Re: Flink 1.5 Yarn Connection unexpectedly closed

2018-06-21 Thread Garrett Barton
Thank you all for the reply!

I am running batch jobs, I read in a handful of files from HDFS and output
to HBase, HDFS, and Kafka.  I run into this when I have partial usage of
the cluster as the job runs.  So right now I spin up 20 nodes with 3 slots,
my job at peak uses all 60 slots, but by the end of it since my outputs are
all forced parallel 1 while I work out kinks, that all typically ends up
running in 1 or two task managers tops.  The other 18-19 task managers die
off.  Problem is as soon as any task manager dies off, my client throws the
above exception and the job fails.

I cannot share logs, but I was thinking about writing a dirt simple
mapreduce flow based on the wordcount example.  The example would have a
wide map phase that generates data, and then I'd run it through a reducer
that sleeps maybe 1 second every record.  I believe that will simulate my
condition very well where I go from 100% used slots to only 1-2 used slots
as I hit that timeout.  I'll do that today and let you know, if it works I
can share the code in here as an example.

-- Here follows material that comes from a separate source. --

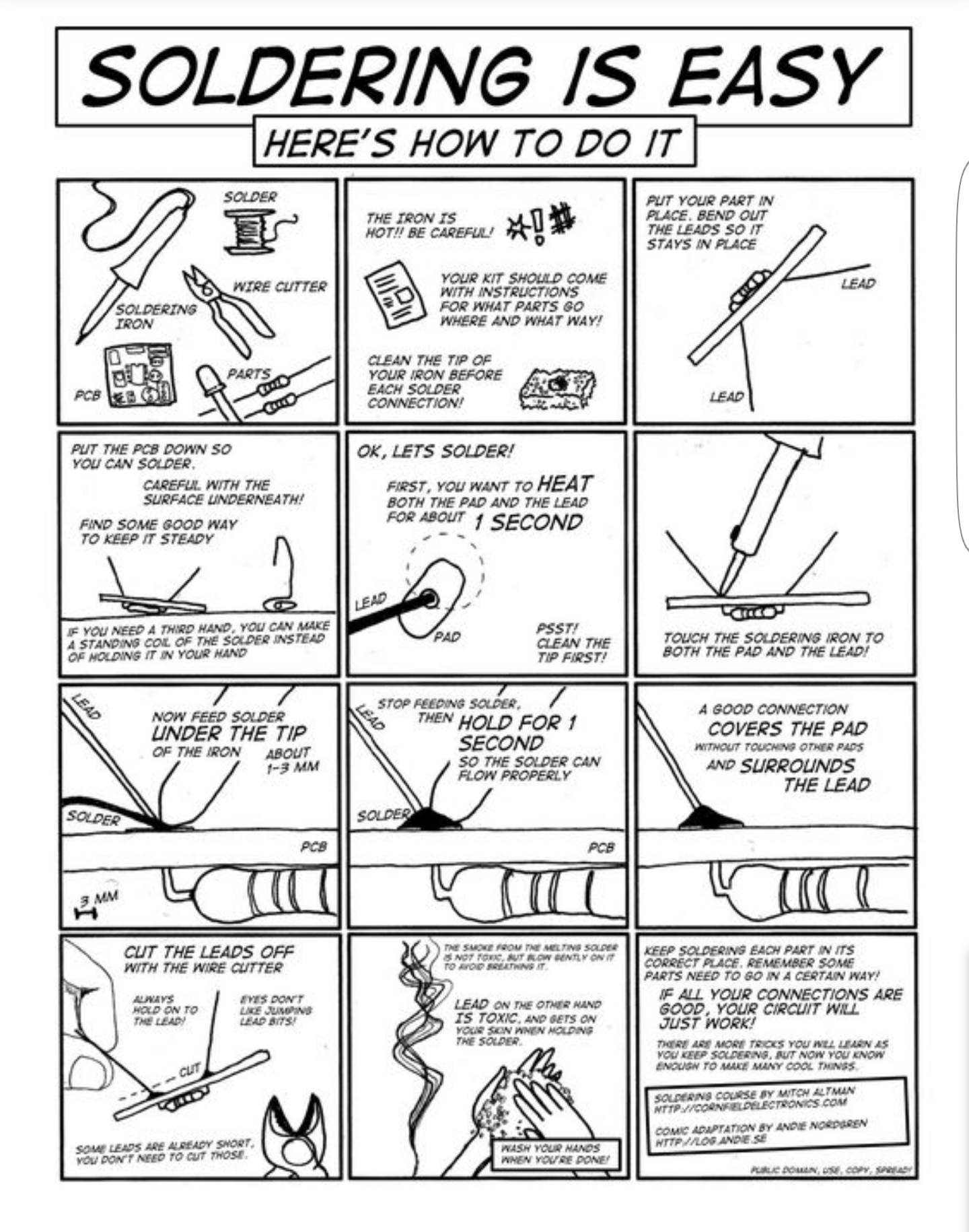 Soldering Tips Soldering takes a bit of practice to get good at. But it’s possible! Via pinterest Share this: Click to share on Facebook (Opens in new window) Facebook Click to share on X (Opens in new window) X Click to print (Opens in new window) Print Click to share on Tumblr (Opens in new window) Tumblr Click to email a link to a friend (Opens in new window) Email Like Loading... Related ComputersFix itReferenceScout MeetingWorkshop

On Thu, Jun 21, 2018 at 5:01 AM Till Rohrmann  wrote:

> Hi Garrett,
>
> killing of idle TaskManager should not affect the execution of the job. By
> definition a TaskManager only idles if it does not execute any tasks. Could
> you maybe share the complete logs (of the cluster entrypoint and all
> TaskManagers) with us?
>
> Cheers,
> Till
>
> On Thu, Jun 21, 2018 at 10:26 AM Fabian Hueske  wrote:
>
>> Hi Garrett,
>>
>> I agree, there seems to be an issue and increasing the timeout should not
>> be the right approach to solve it.
>> Are you running streaming or batch jobs, i.e., do some of the tasks
>> finish much earlier than others?
>>
>> I'm adding Till to this thread who's very familiar with scheduling and
>> process communication.
>>
>> Best, Fabian
>>
>> 2018-06-19 0:03 GMT+02:00 Garrett Barton :
>>
>>> Hey all,
>>>
>>>  My jobs that I am trying to write in Flink 1.5 are failing after a few
>>> minutes.  I think its because the idle task managers are shutting down,
>>> which seems to kill the client and the running job. The running job itself
>>> was still going on one of the other task managers.  I get:
>>>
>>> org.apache.flink.client.program.ProgramInvocationException:
>>> org.apache.flink.runtime.io.network.netty.exception.RemoteTransportException:
>>> Connection unexpectedly closed by remote task manager ''. This might
>>> indicate that the remote task manager was lost.
>>> at org.apache.flink.runtime.io
>>> .network.netty.CreditBasedPartitionRequestClientHandler.channelInactive(CreditBasedPartitionRequestClientHandler.java:143)
>>>
>>> Now I happen to have the last part of the flow paralleled to 1 right now
>>> for debugging, so the 4 task managers that are spun up, 3 of them hit the
>>> timeout period (currently set to 24).  I think as soon as the first one
>>> goes the client throws up and the whole job dies as a result.
>>>
>>>  Is this expected behavior and if so, is there another way around it? Do
>>> I keep increasing the slotmanager.taskmanager-timeout to a really really
>>> large number? I have verified setting the timeout to 84 lets the job
>>> complete without error.
>>>
>>> Thank you!
>>>
>>
>>


Flink 1.5 Yarn Connection unexpectedly closed

2018-06-18 Thread Garrett Barton
Hey all,

 My jobs that I am trying to write in Flink 1.5 are failing after a few
minutes.  I think its because the idle task managers are shutting down,
which seems to kill the client and the running job. The running job itself
was still going on one of the other task managers.  I get:

org.apache.flink.client.program.ProgramInvocationException:
org.apache.flink.runtime.io.network.netty.exception.RemoteTransportException:
Connection unexpectedly closed by remote task manager ''. This might
indicate that the remote task manager was lost.
at
org.apache.flink.runtime.io.network.netty.CreditBasedPartitionRequestClientHandler.channelInactive(CreditBasedPartitionRequestClientHandler.java:143)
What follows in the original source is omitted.